• **ASSIGNMENT**: Lines from the one with "Mr. Micawber, supremely" up to and including the one with "FIGURE 2. Adult" are to be copied exactly from the records below, without their pictures.

• **SOURCE MATERIAL**:
○ ○ ○

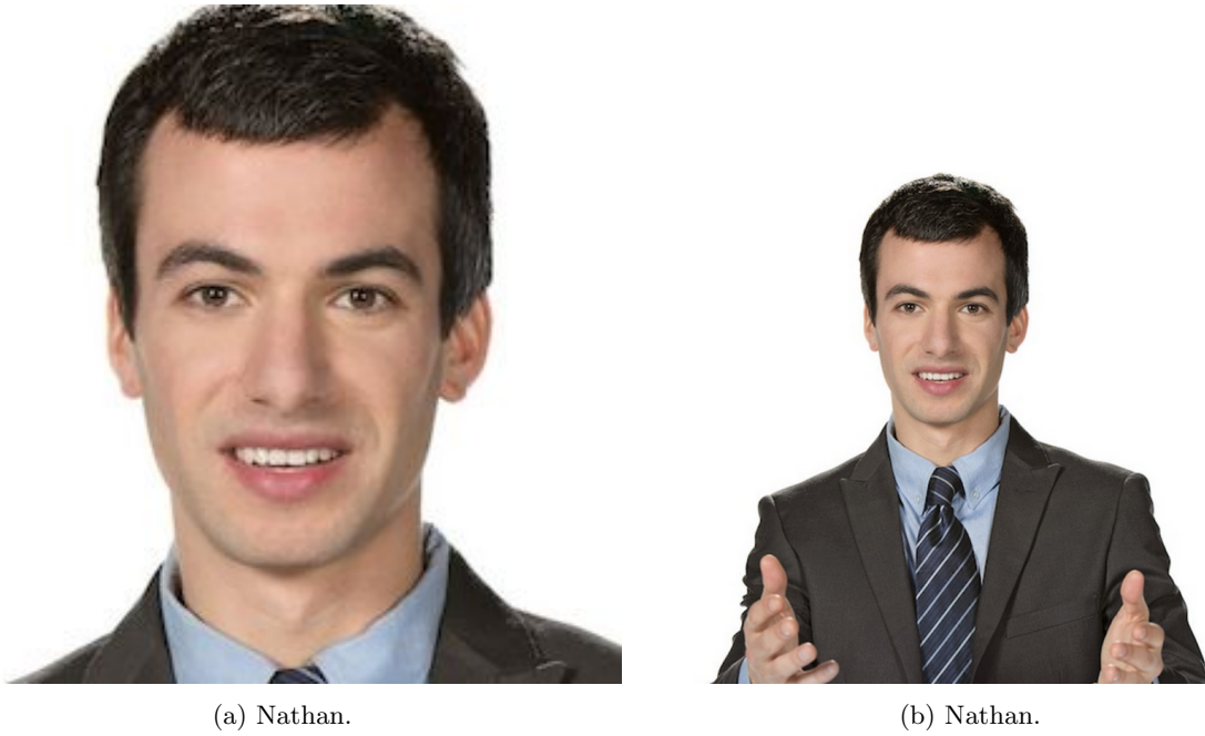
Figure 2: Nathan from Nathan for You.
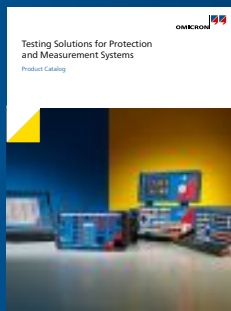
Product catalog (secondary equipment)

The following publications provide detailed information on the products described in this brochure and their applications:
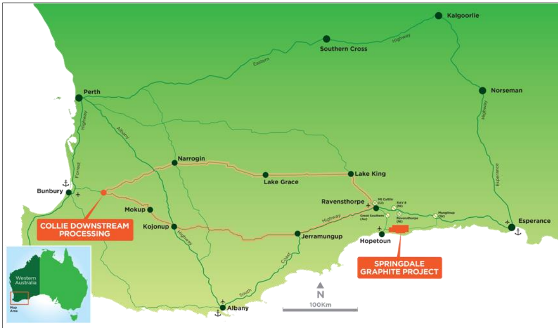
Figure 3: International Graphite project locations

The Company is in the early phases of development, spending $5.2m on exploration & evaluation at Springdale and $1.6m on midstream process development, including $759,000 on graphite processing equipment. The Company reported an operating loss for the 2022-23 financial year of $2,533,229 (2022: $2,055,940) after providing for income tax.
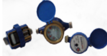
Water Meter Class C
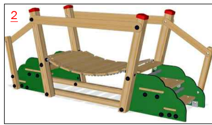
GSP0005 - PEEKABOO TUNNEL BY KOMPAN
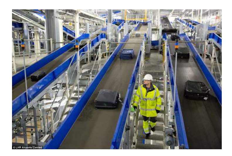
Figure 2 . Heathrow Terminal 5 baggage handling system. Adapted from "Ever wondered what happens to your bag at an airport? Behind the scenes on the luggage conveyor belts of Heathrow Terminal 5", by Duell, 2014. Retrieved from http://www.dailymail.co.uk/ news/. Copyright 2014 by Duell.

Baggage Journey. Schiphol Airport in Amsterdam has the most modern baggage system in the world. Per year, it processes 55 million items (Romero, Quick & Veronezi, 2012). Terminal 5 at Heathrow Airport in London has the largest single-terminal baggage system in Europe. There are 30 miles of haulers at Heathrow – with 2.8 miles of tunnels, 44 baggage retrieval belts and about 53 million bags processed each year. The baggage handling system tunnel cost £ 26 million, but it ensured that all passengers at the airport fly together with their luggage. The baggage journey at an airport passes through several processes, from check in counter to the moment it is delivered to the passenger in its final destination (Duell, 2014).
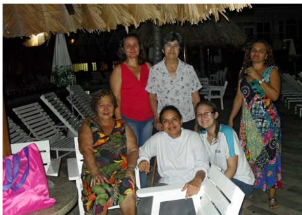
Happy members of the Goiania fellowship
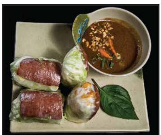
A3. Summer Rolls
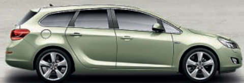
Silky Shadow – Metallic*
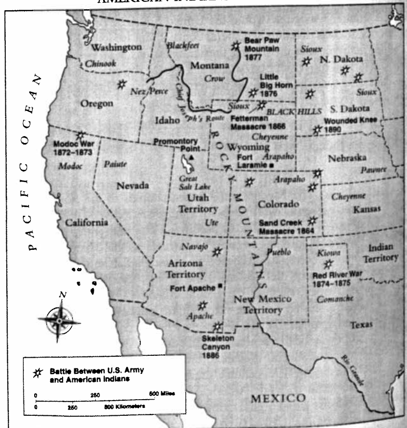
AMERICAN INDIANS IN THE WEST

Indian Wars In the late 19th century, the settlement of thousands of miners, ranchers, and homesteaders on American Indian lands led to violence. Fighting between U.S. troops and Plains Indians was often brutal, with the U.S. Army responsible for several massacres. In 1866, during the Sioux War, the tables were turned when an army column under Captain William Fetterman was wiped out by Sioux warriors. Following these wars, another round of treaties attempted to isolate the Plains Indians on smaller reservations with federal
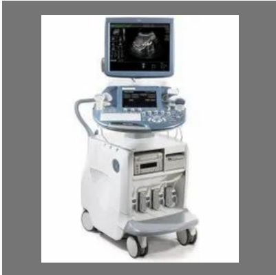
Ge Voluson E8 Ultrasound Machine
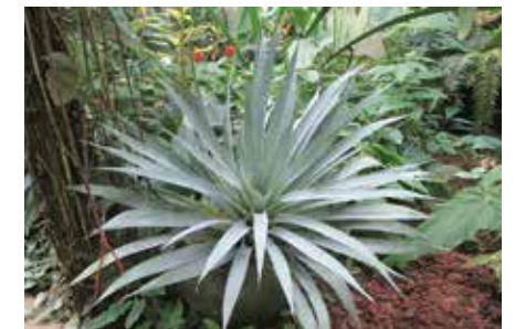
Alcantarea odorata BROMELIACEAE 1302

Found on stream banks and moist meadows in Japan, Farfugium is made for the shade and benefits from regular deep watering. Dark green, glossy, dinner-plate sized foliage makes this the perfect bold-textured accent in containers or in a shady mixed border.
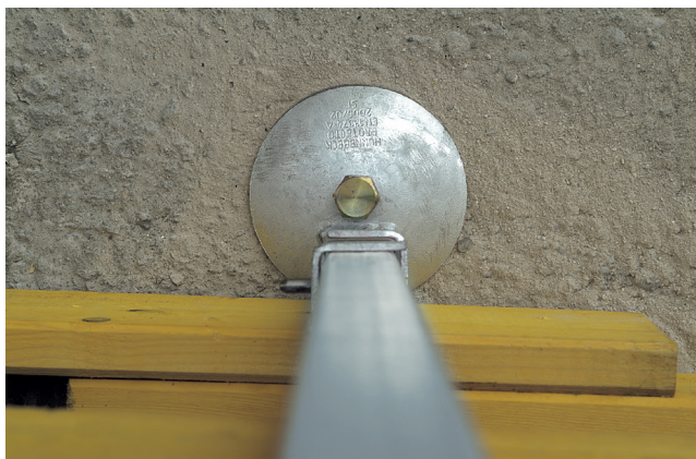
► Screw base joint can easily be fixed to the base slab

Highly durable and robust system parts due to the complete galvanization of all steel components
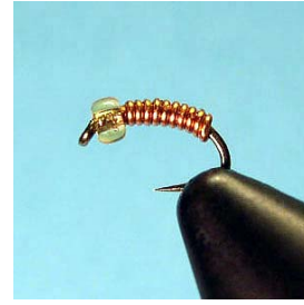
Bead head Brassie
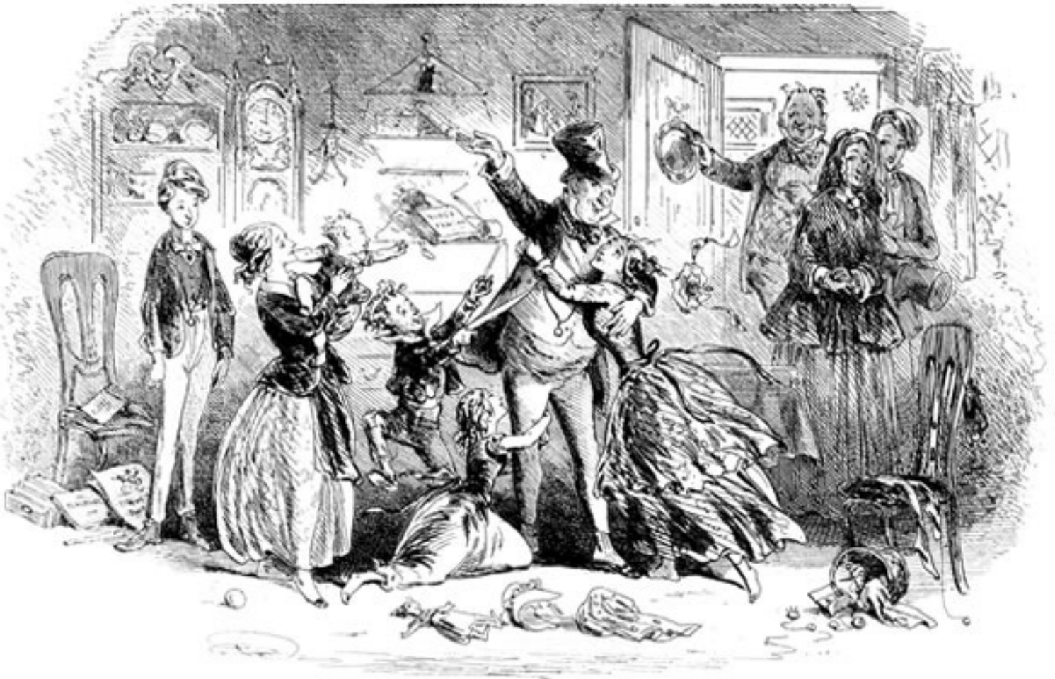
Restoration of mutual confidence between Mr. and Mrs. Micawber.

Mr. Micawber, supremely defiant of him and his extended finger, and making a great deal of his chest until he had slunk out at the door, then addressed himself to me, and proffered me the satisfaction of “witnessing the re-establishment of mutual confidence between himself and Mrs. Micawber.” After which, he invited the company generally to the contemplation of that affecting spectacle.
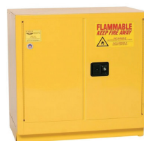
Safety Cabinet 22 Gallon
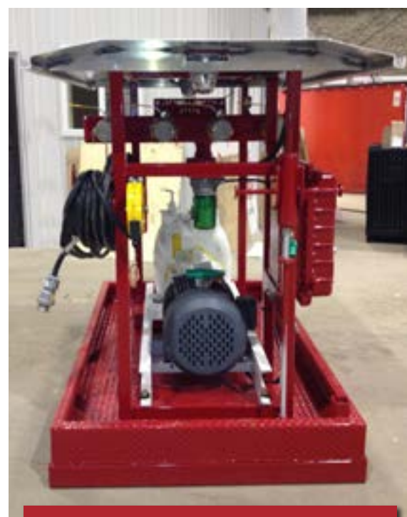
Pump Manifold c/w Pump Run Light

Heavy Horse Exclusive!! Industry Leading Berm Alarm System with every Containment Ring
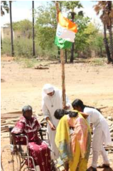
The Indian Flag is patriotically hoisted on Indian Independence Day on 15th August to commemorate the lifting of the sweet yolk of the Raj from weary shoulders in 1946.
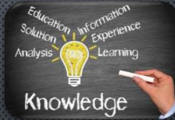
0 trading Knowledge
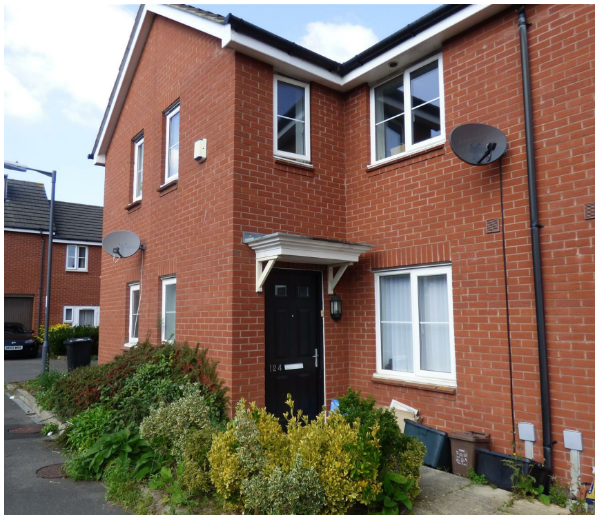
Eden Grove BRISTOL BS7 0PW
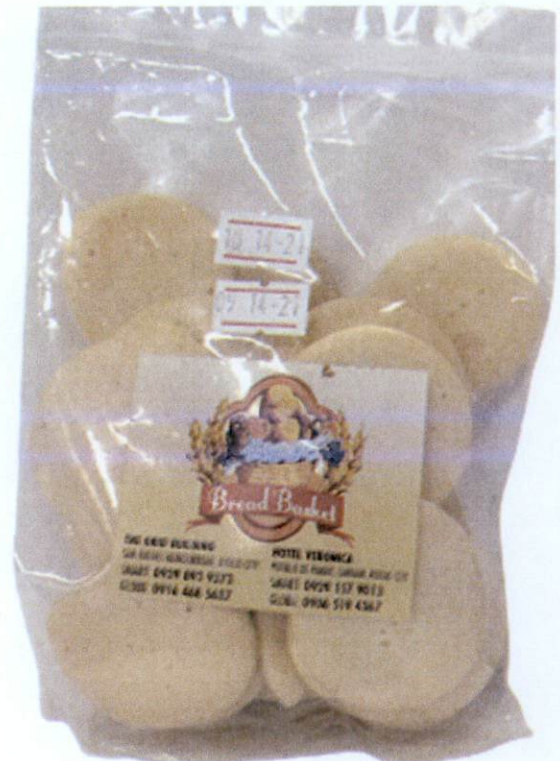
Figure 5. Unregistered BREAD BASKET Biscuit-Like Food in Transparent Packaging
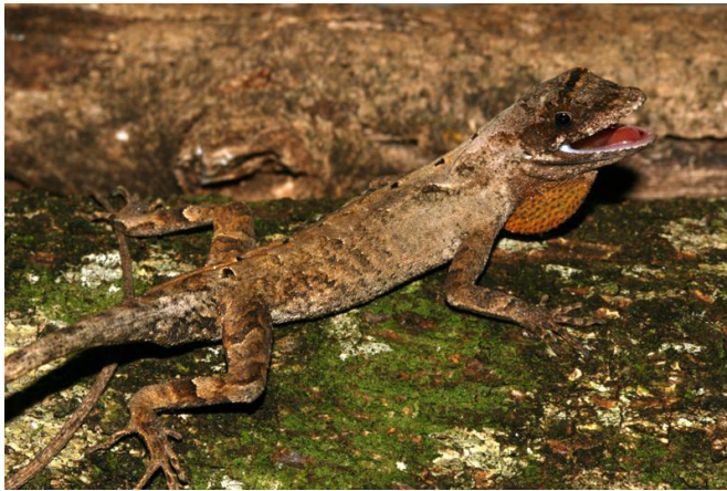
FIGURE 2. Adult male (CRIB 0699) of Anolis chrysolepis captured at the Estação Ecológica de Bauru, municipality of Bauru, state of São Paulo, Brazil.

Specimens collected at the Estação Ecológica de Assis, municipality of Assis, and Estação Ecológica de Bauru, municipality of Bauru (collection permit SISBIO-IBAMA nº 10423-1) are deposited in the Coleção Herpetológica “Alphonse Richard Hoge”, Instituto Butantan (IBSP), state of São Paulo, Brazil (Table 1).
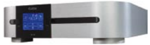
CDP-102 CD PLAYER
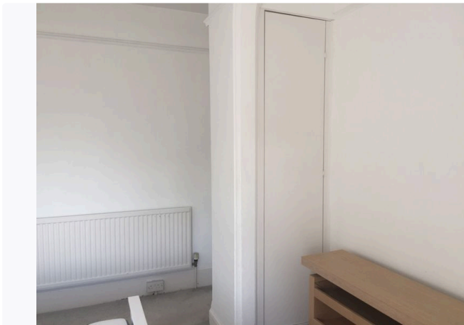
Ref # 2.3
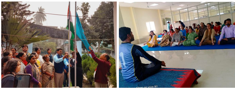
Inauguration of NSS
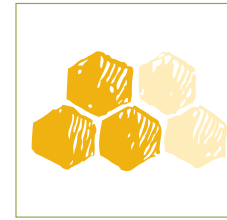
APPLES AND HONEY HONEY ICE CREAM WITH CHUNKS OF APPLE
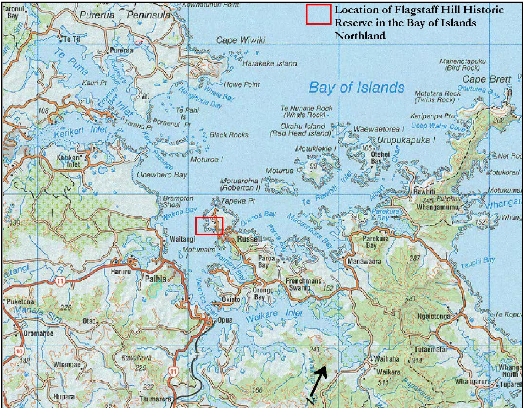
Appendix 1: Location of the Flagstaff Hill Historic Reserve within the Bay of Islands (arcreader)
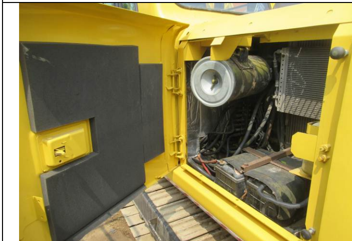
21 Excavator view

○ ○ ○

• **RESPONSE FOR THIS EXERCISE**:
Mr. Micawber, supremely defiant of him and his extended finger, and making a great deal of his chest until he had slunk out at the door, then addressed himself to me, and proffered me the satisfaction of “witnessing the re-establishment of mutual confidence between himself and Mrs. Micawber.” After which, he invited the company generally to the contemplation of that affecting spectacle.
Safety Cabinet 22 Gallon
Pump Manifold c/w Pump Run Light

Heavy Horse Exclusive!! Industry Leading Berm Alarm System with every Containment Ring
The Indian Flag is patriotically hoisted on Indian Independence Day on 15th August to commemorate the lifting of the sweet yolk of the Raj from weary shoulders in 1946.
0 trading Knowledge
Eden Grove BRISTOL BS7 0PW
Figure 5. Unregistered BREAD BASKET Biscuit-Like Food in Transparent Packaging
FIGURE 2. Adult male (CRIB 0699) of Anolis chrysolepis captured at the Estação Ecológica de Bauru, municipality of Bauru, state of São Paulo, Brazil.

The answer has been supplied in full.